As of Tuesday, reports from locals and the Ontario Environment Ministry suggested the intermittent white ribbon extended 170 kilometres from beaches in the south to Kincardine in the north. While the pellets blend in along the fine-grained beaches that make the area a summer tourist destination, aquatic researchers and conservationists warn that they may also be disappearing into the gullets of local wildlife - a deadly trend that has killed scores of fish and birds in marine ecosystems.

"In ocean environments, these types of things have become a chronic hazard," said Geoff Peach, coastal resources manager with the Lake Huron Centre for Coastal Conservation. "Scientists have identified this as a major long-term problem."

Less is known about the effects of plastic pollution on freshwater environments. The province has received no reports of dead wildlife so far in the most recent outbreak.

This marks the fourth time that a mass tidewrack of pellets has appeared on Huron's shores in recent years. "I first heard about these in 2007," Mr. Peach said. "It keeps recurring and no one seems to be investigating."

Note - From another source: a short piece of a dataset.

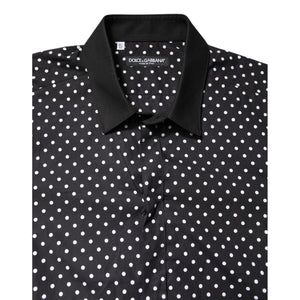 Dolce & Gabbana Black Polka Dot Cotton Formal Dress Shirt

The region around Sarnia is known as Chemical Valley, home to a number of industrial manufacturers. Researchers have stated that plastic plants in the valley could be the source, but two bodies of evidence suggest otherwise.

For one, currents in Lake Huron tend to flow south, according to Mr. Peach, not north toward the worst-hit beaches. And second, provincial investigators recently brought sample pellets to a number of valley manufacturers in search of similar bits among their plastic stocks. "Unfortunately no matches were found," said Environment Ministry spokeswoman Kate Jordan.

But a forthcoming study from the University of Western Ontario suggests that the concentration of pellets on Huron beaches increases with proximity to Chemical Valley. Matt Zbyszewski, a University of Western Ontario earth sciences masters' candidate, and his supervisor, associate professor Patricia Corcoran, found that 94 per cent of the plastic litter on one Sarnia beach was made up of the offending pellets. The concentration thinned out considerably as the researchers travelled north.

"It's very unlikely you'll find any pellets up north around Georgian Bay," Dr. Corcoran said. "There are no plastic plants up there. It would be sensible to at least suggest these plants are a possible source."